Data for this task:

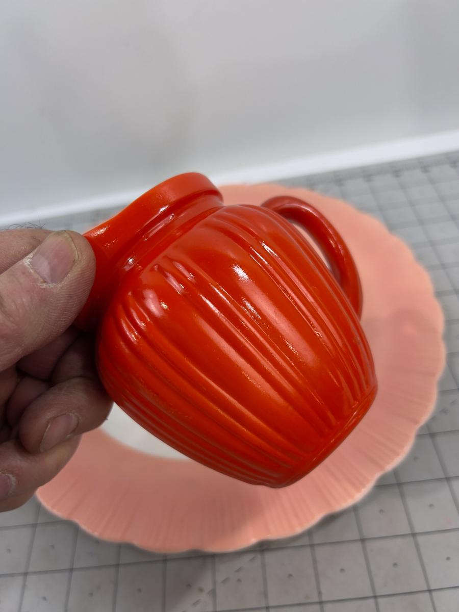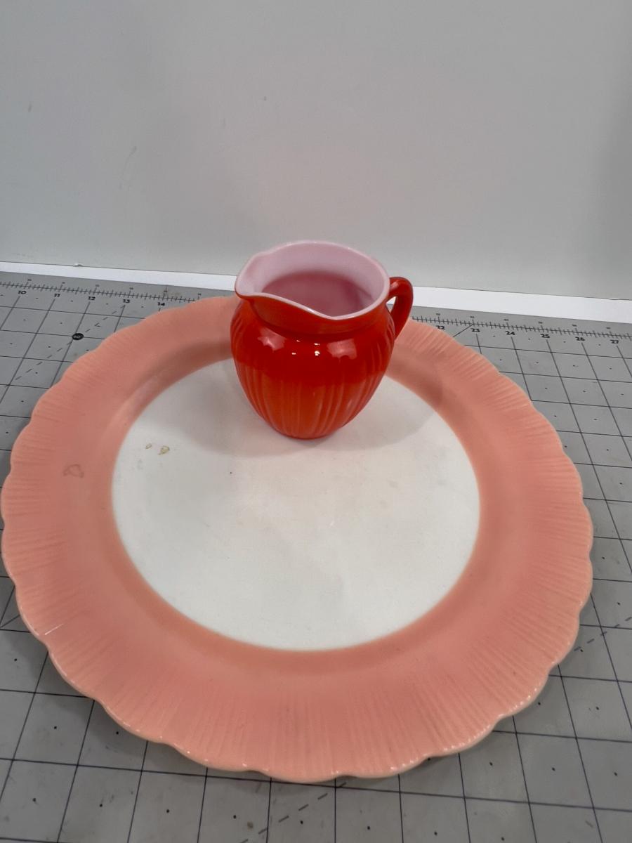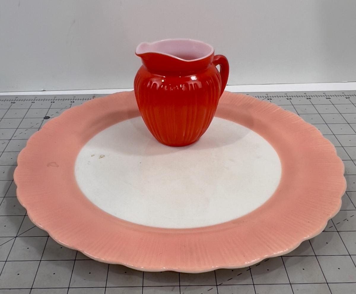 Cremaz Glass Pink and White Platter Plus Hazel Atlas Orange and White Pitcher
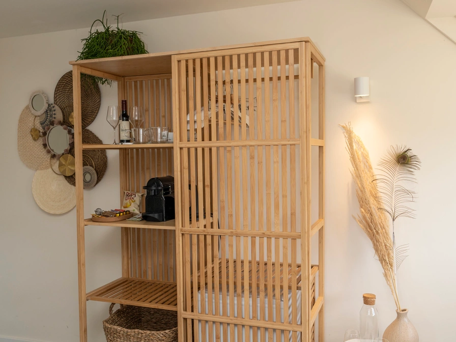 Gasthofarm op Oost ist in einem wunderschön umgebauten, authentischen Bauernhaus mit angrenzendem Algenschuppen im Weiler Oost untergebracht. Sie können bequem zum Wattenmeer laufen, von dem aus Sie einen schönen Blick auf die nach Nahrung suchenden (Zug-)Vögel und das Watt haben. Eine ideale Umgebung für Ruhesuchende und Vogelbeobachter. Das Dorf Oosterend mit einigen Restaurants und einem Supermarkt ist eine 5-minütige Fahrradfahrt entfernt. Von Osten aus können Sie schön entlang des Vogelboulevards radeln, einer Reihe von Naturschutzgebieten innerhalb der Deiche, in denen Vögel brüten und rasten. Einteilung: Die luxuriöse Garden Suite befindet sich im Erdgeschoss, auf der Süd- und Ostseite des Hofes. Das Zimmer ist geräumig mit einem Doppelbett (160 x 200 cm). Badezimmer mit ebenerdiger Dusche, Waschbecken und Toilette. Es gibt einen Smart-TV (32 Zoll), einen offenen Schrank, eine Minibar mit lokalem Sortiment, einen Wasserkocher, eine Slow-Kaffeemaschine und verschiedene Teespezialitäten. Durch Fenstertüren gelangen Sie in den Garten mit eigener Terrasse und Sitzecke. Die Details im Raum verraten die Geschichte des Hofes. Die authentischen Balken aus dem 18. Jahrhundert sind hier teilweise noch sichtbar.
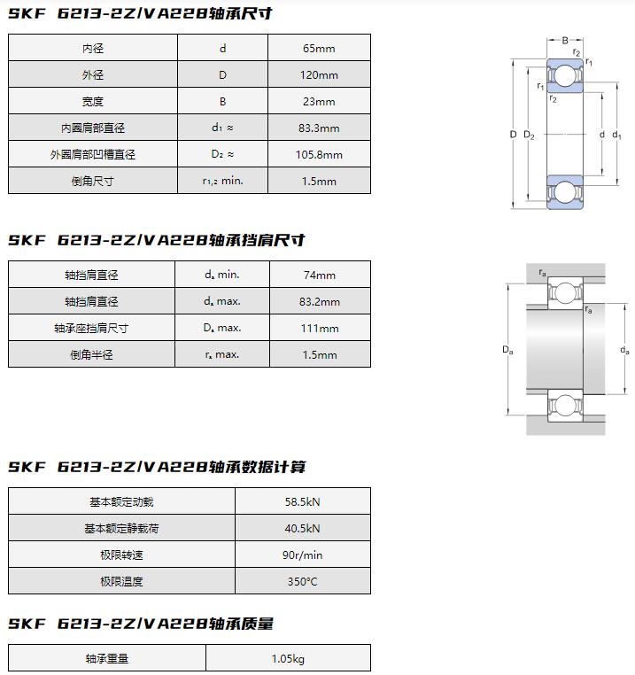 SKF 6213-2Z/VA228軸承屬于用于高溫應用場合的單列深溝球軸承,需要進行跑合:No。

==

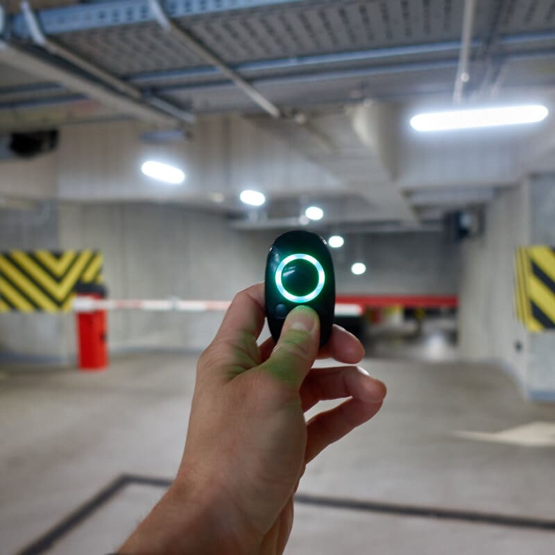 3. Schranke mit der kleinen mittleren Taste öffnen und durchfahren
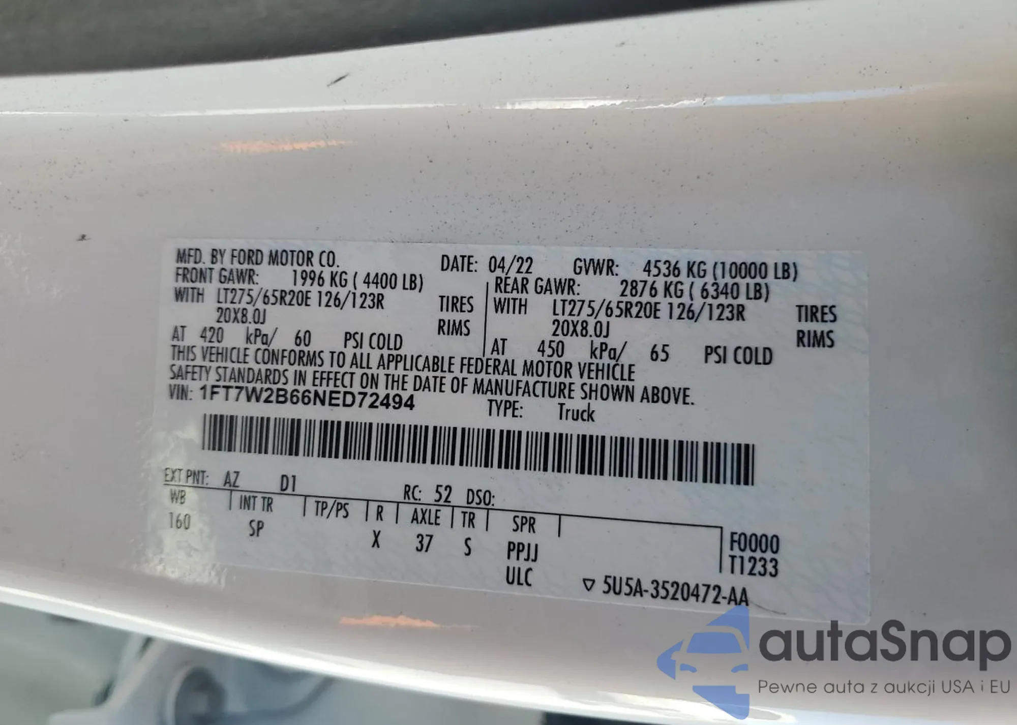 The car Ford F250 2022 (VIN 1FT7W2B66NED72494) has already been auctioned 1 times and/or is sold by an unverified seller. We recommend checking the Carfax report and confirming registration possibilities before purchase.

--

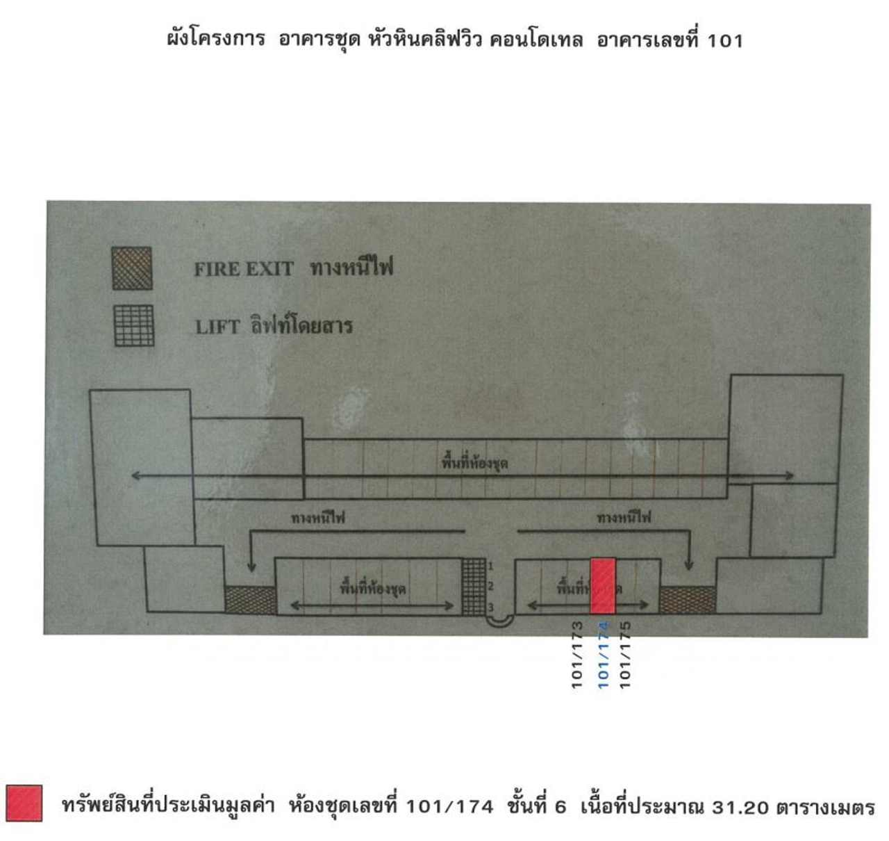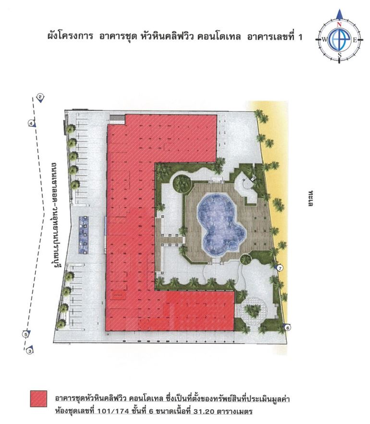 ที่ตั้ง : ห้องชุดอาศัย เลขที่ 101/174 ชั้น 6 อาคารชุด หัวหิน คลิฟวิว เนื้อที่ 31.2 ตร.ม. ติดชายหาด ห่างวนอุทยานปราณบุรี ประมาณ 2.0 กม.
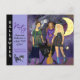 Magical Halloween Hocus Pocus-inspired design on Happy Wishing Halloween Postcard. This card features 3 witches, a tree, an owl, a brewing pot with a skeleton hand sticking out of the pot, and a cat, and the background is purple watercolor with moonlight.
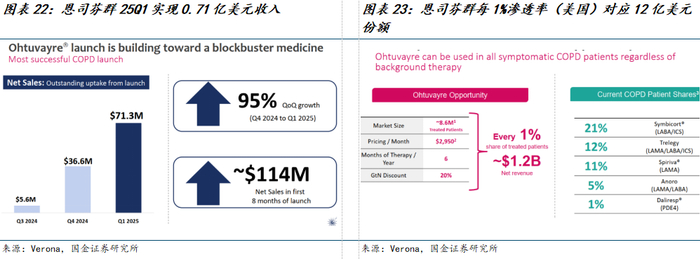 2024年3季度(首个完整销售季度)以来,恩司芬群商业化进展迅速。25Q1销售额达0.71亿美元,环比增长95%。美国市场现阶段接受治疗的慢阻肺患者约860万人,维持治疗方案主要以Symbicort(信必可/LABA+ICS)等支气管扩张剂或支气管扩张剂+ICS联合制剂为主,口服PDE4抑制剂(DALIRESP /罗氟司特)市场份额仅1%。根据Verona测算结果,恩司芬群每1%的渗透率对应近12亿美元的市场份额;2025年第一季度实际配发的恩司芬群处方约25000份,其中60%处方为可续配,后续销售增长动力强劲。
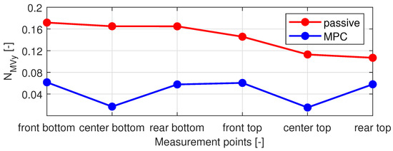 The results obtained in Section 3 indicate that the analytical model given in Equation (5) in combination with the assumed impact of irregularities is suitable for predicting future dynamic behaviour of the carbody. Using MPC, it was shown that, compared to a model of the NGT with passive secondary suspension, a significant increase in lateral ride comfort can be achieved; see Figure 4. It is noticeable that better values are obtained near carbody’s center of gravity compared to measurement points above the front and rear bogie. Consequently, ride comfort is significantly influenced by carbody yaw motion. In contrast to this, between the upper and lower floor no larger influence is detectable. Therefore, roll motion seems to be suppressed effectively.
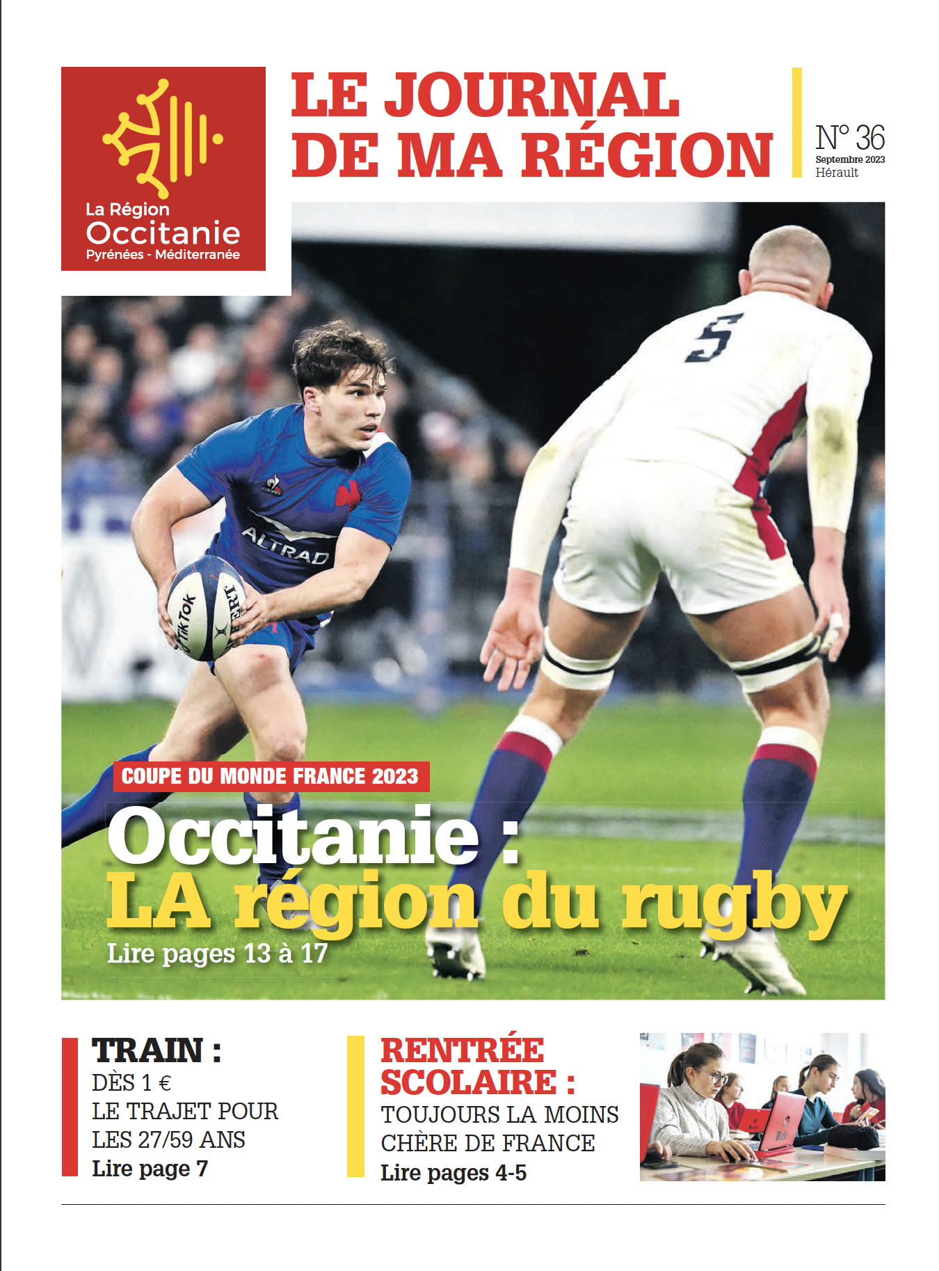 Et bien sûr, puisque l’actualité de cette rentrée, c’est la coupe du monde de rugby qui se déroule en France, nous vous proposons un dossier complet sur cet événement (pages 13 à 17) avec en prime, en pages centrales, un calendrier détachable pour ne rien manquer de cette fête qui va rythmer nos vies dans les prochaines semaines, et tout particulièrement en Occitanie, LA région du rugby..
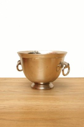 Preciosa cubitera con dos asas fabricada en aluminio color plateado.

The problem: Reproduce the lines above starting at the one with "3. Schranke mit" and ending at the one with "The car Ford", both included, exactly and with no pictures.

Answer for this exercise:
 3. Schranke mit der kleinen mittleren Taste öffnen und durchfahren
 The car Ford F250 2022 (VIN 1FT7W2B66NED72494) has already been auctioned 1 times and/or is sold by an unverified seller. We recommend checking the Carfax report and confirming registration possibilities before purchase.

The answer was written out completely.